Work to be completed:
What are the lines, word for word, from the line with "A dinâmica entre" up to and including the line with "今日のコーデはモノトーンです!! 全身真っ黒だけど、印象強く靴の白さでいい感じです笑 アウター" in the records below? Omit the pictures.

Start of Information provided

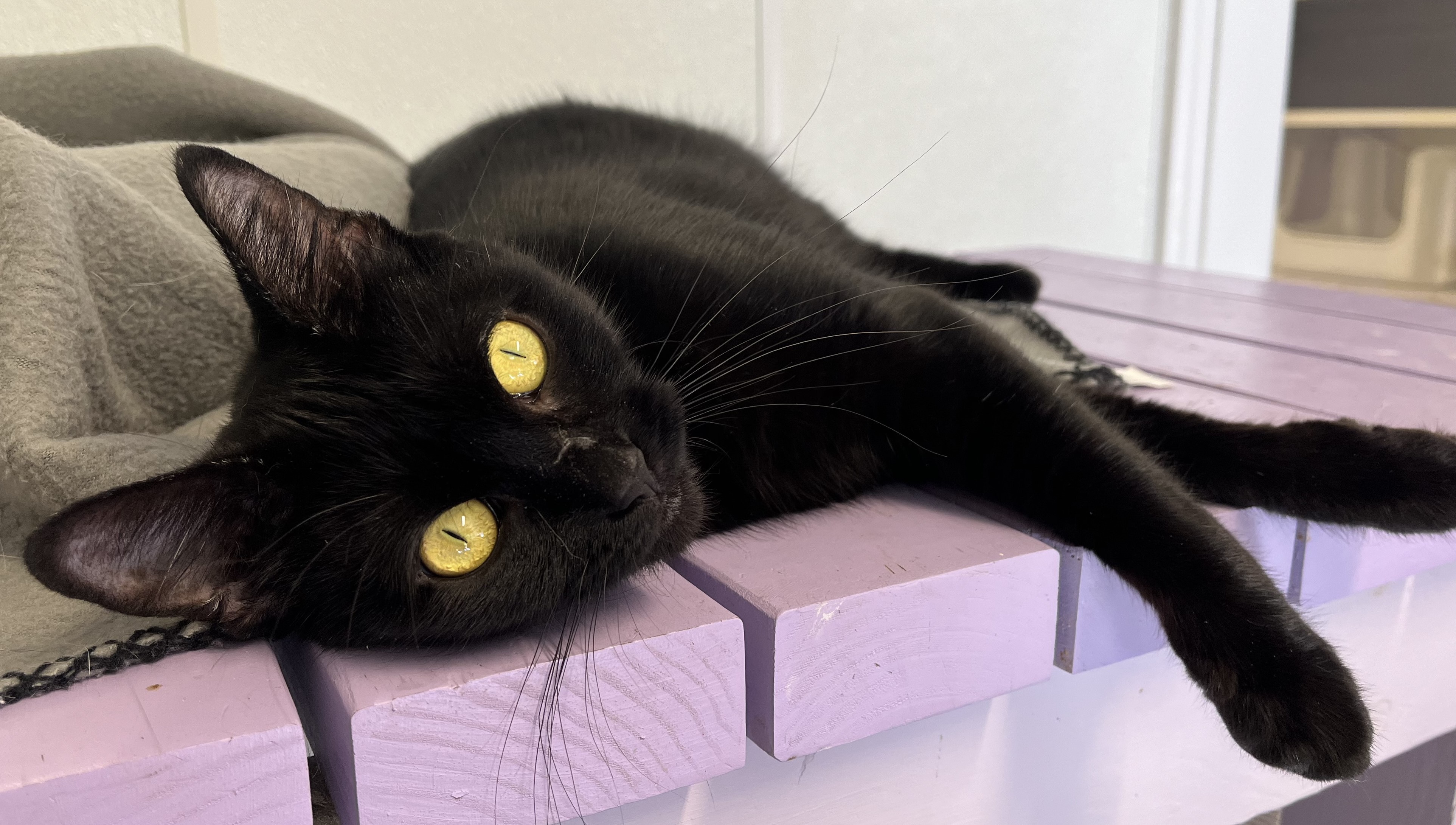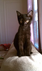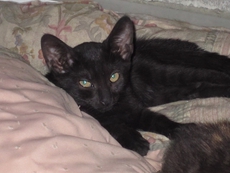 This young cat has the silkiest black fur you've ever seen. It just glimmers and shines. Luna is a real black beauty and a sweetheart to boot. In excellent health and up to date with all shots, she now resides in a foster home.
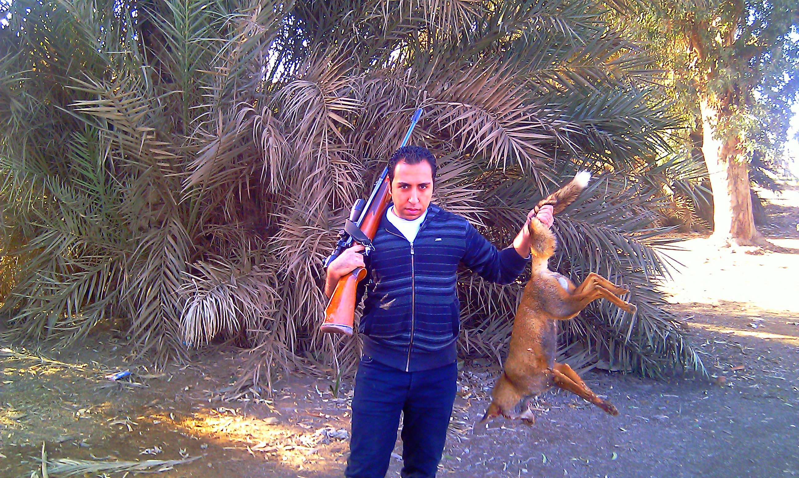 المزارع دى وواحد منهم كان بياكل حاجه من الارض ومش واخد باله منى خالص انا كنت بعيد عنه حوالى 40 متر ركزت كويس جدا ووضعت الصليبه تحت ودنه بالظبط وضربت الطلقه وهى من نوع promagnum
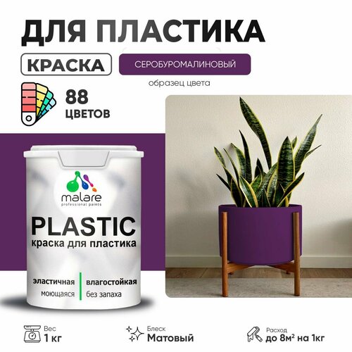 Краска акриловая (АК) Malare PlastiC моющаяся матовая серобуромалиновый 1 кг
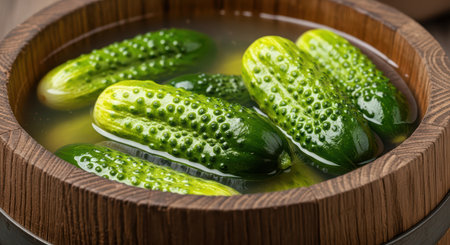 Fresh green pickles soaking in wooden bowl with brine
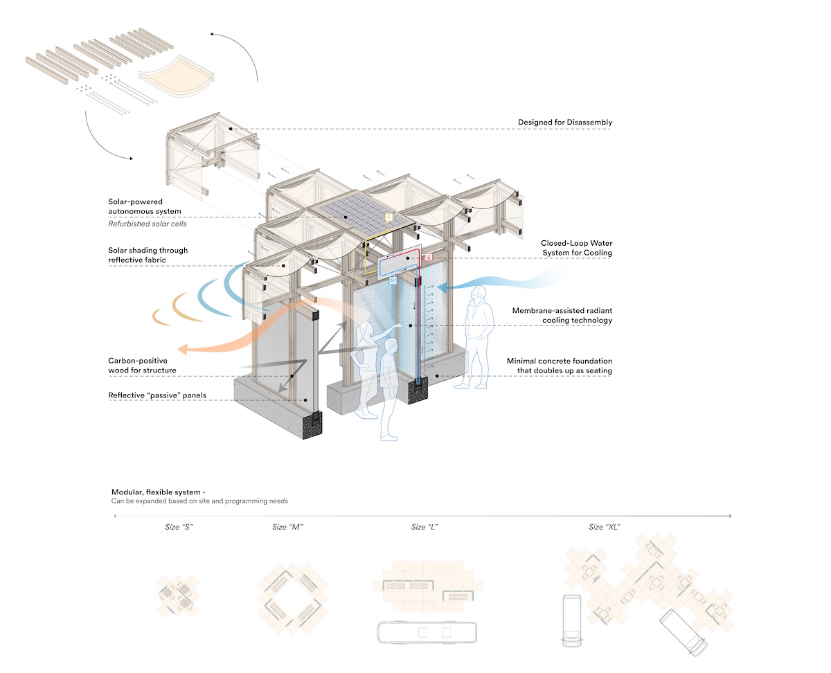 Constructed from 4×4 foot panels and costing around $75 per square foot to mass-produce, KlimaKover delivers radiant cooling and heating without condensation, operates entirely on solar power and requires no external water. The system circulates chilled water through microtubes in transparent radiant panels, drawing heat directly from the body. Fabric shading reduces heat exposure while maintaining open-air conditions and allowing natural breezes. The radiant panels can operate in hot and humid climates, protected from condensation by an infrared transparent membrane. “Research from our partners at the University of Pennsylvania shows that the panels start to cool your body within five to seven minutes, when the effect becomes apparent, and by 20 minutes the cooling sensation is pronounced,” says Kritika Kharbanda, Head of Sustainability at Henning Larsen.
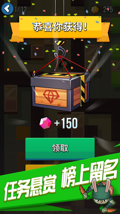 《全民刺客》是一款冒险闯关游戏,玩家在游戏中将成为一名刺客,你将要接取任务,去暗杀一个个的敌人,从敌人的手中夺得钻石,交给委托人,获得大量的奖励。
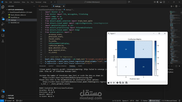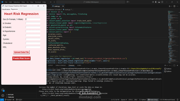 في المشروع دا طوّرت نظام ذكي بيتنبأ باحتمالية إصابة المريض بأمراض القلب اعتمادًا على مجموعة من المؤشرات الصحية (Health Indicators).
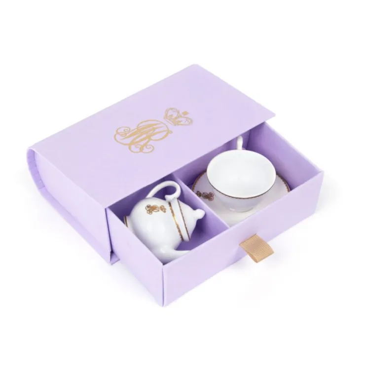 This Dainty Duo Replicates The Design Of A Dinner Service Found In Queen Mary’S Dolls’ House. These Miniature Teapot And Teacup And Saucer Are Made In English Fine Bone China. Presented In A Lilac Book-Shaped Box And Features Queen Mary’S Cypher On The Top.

End of Information provided
Start of Information provided

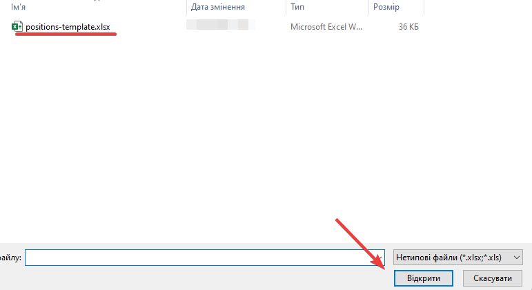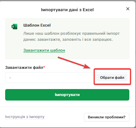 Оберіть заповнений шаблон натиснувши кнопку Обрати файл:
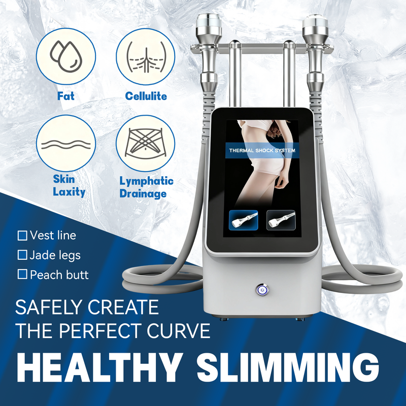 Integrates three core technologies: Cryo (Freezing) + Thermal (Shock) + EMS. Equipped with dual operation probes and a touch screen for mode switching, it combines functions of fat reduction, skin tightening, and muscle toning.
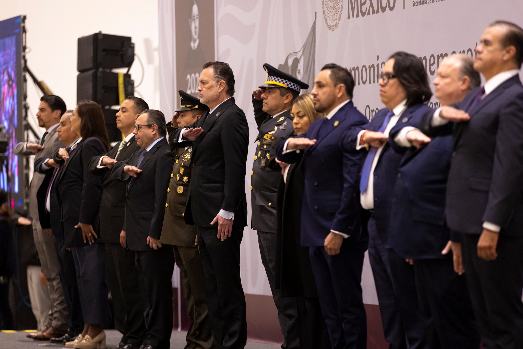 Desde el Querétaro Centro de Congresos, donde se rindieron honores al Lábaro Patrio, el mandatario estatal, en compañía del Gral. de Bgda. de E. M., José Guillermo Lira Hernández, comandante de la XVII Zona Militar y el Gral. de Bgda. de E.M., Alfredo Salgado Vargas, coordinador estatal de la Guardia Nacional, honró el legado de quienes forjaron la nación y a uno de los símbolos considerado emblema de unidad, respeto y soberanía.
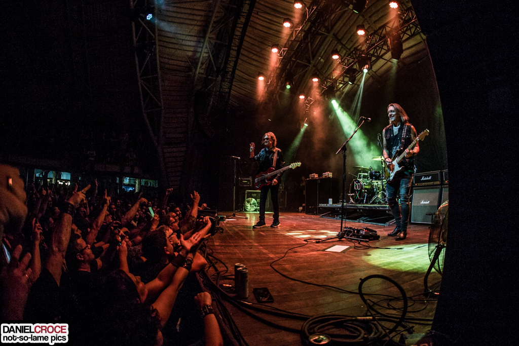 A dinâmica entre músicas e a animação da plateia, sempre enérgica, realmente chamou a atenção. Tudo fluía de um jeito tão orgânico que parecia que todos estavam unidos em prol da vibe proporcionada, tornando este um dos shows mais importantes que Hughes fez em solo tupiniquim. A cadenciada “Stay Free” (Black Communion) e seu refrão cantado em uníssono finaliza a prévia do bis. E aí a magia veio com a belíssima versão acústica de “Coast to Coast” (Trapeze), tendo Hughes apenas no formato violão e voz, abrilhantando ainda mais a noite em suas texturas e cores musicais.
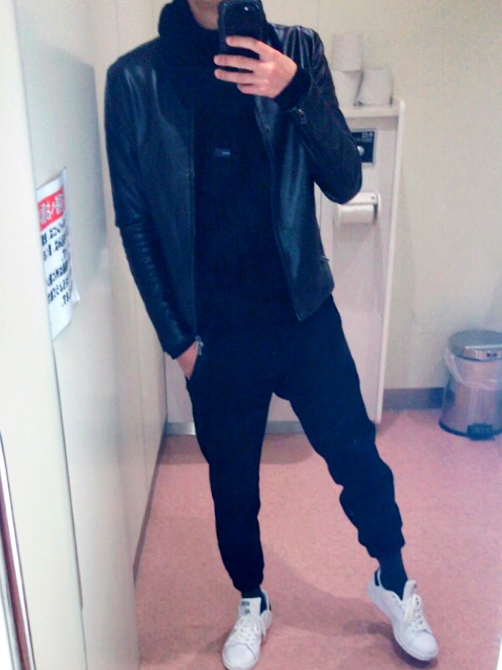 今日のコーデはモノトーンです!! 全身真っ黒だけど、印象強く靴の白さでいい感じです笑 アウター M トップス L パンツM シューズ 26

End of Information provided

Problem solution:
 A dinâmica entre músicas e a animação da plateia, sempre enérgica, realmente chamou a atenção. Tudo fluía de um jeito tão orgânico que parecia que todos estavam unidos em prol da vibe proporcionada, tornando este um dos shows mais importantes que Hughes fez em solo tupiniquim. A cadenciada “Stay Free” (Black Communion) e seu refrão cantado em uníssono finaliza a prévia do bis. E aí a magia veio com a belíssima versão acústica de “Coast to Coast” (Trapeze), tendo Hughes apenas no formato violão e voz, abrilhantando ainda mais a noite em suas texturas e cores musicais.
 今日のコーデはモノトーンです!! 全身真っ黒だけど、印象強く靴の白さでいい感じです笑 アウター M トップス L パンツM シューズ 26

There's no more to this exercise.